Reputation: 7695
What's the difference between these
I ask because STS says it's built on top of Eclipse, and I wonder what differences it has over simply using a plugin that adds similar functionality to "vanilla" Eclipse.
Upvotes: 48
Views: 67669
Reputation: 333
There is already an article about this in DZone Spring IDE and the Spring Tool Suite - Using Spring in Eclipse.
While the Spring IDE project provides a set of plugins for the Eclipse IDE, the Spring Tool Suite comes as a ready-to-use distribution of the latest Eclipse releases with the Spring IDE components pre-installed. This includes the tc Server integration for Eclipse (another IDE extension that is provided by Pivotal as an open-source project) and various other additions to Eclipse that turn the pure Eclipse IDE into a ready-to-use, best-of-breed environment for enterprise Spring application development.
Upvotes: 1
Reputation: 173
Spring Tool suite has ready to go features specially designed to spring supported projects and cloud environment. And Eclipse is more generic where we've to add the plugins and extensions for our platform setup.
Upvotes: 1
Reputation: 7345
It's true, STS is built on top of Eclipse.
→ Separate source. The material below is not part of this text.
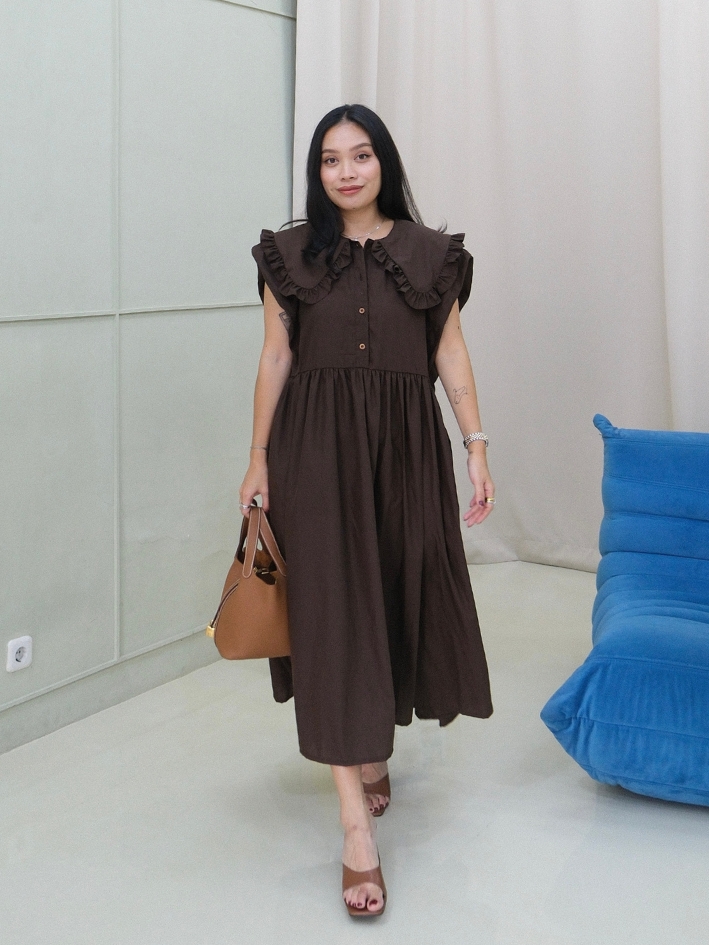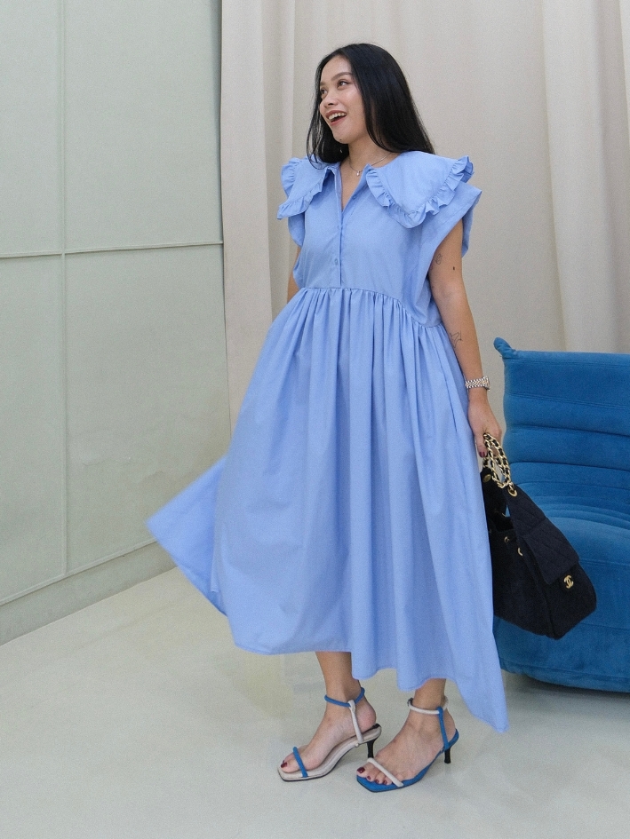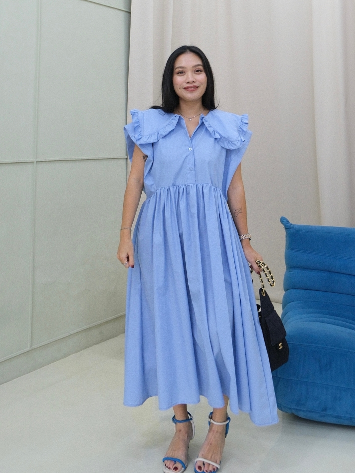 New in Soft Blue and Brown. A simple yet elegant design, crafted from breathable cotton poplin. Busui-friendly and versatile — perfect for daily wear, from casual outings to the office.

The difference is only related to another products support from the STS installation, like Roo, Pivotal tc Server, Cloud Foundry and getting started guides, but you could also include this features in your Eclipse installation.
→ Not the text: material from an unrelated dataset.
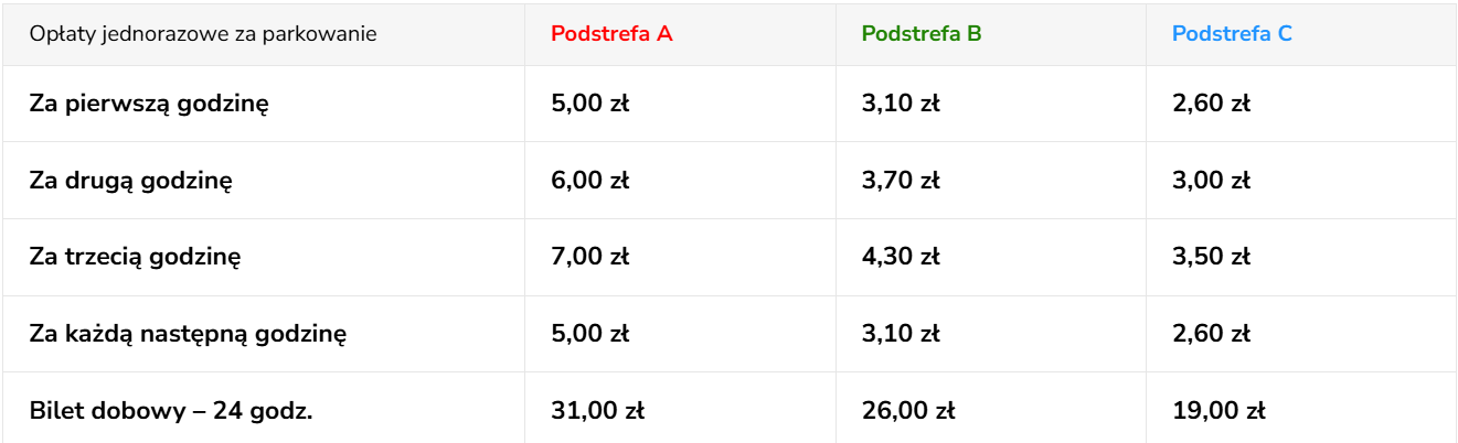 Wysokość opłat za parkowanie źródło: spp.lublin.pl

So STS gives a complete solution around Spring features and simplifies the developer environment install, that's the key difference.
As Martin Lippert explains in the forums:
"So you can end-up having the same features in STS and your existing Eclipse installation after installing the STS features into it."
You could find more details on the Spring forums.
Details on features: STS features and Spring IDE plugin features.